On February 2, Merck (MRK) reported fourth-quarter results that met analyst forecasts on earnings, but missed on revenue. However, the miss was only by a slight amount.

All things considered, the company performed well. Over the past year, Merck has dealt with the strong U.S. dollar, a number of difficult patent expirations, and regulatory scrutiny over drug pricing.

The health care sector is filled with strong dividend stocks. Many of Merck’s peers, including Johnson & Johnson (JNJ) and Abbott Laboratories (ABT), are Dividend Achievers, a group of companies with 10+ consecutive years of dividend increases.

Merck is not yet a Dividend Achiever, as it held its dividend steady from 2004-2011. But the good news is, the company resumed dividend growth in 2011.

It increased its dividend again in 2016, and with a few more years of dividend increases, Merck will join the Dividend Achievers list.

This article will discuss Merck’s fourth-quarter and 2016 performance, as well as its outlook for 2017.

Financial Results Overview

Merck is a global pharmaceutical company.
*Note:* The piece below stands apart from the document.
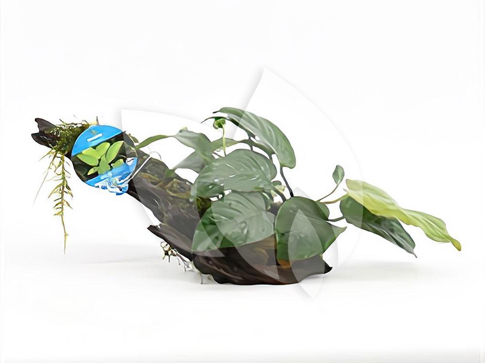 Deze Anubias barteri is op drijfhout gebonden en is een makkelijk te onderhouden waterplant. Deze plant kan goed tegen een hogere watertemperatuur en tevens heeft de Anubias barteri niet veel licht nodig. De bladeren zijn leerachtig en zijn diepgroen van kleur.

It operates in the following segments:

  • Pharmaceuticals (88% of sales)
  • Animal Health (9% of sales)
  • Other Revenue (3% of sales)
  • The pharmaceutical business is by far Merck’s most important segment. Within pharmaceuticals, the company’s products treat a number of therapeutic areas, including cardiovascular, diabetes, women’s health, oncology, vaccines and more.

    The pharmaceutical business generated 1% revenue growth in 2016, led by oncology drug Keytruda. Revenue from Keytruda soared 148% in 2016.

    Revenue from the drug soared last year, and Keytruda is now a $1.4 billion drug by annual revenue.

    Keytruda is the foundation of Merck’s oncology strategy.

    MRK Oncology

    Source: Investor Update Presentation, page 4

    Overall, fourth-quarter revenue declined 0.9% to $10.12 billion. This slightly missed analyst expectations, but only by about $100 million.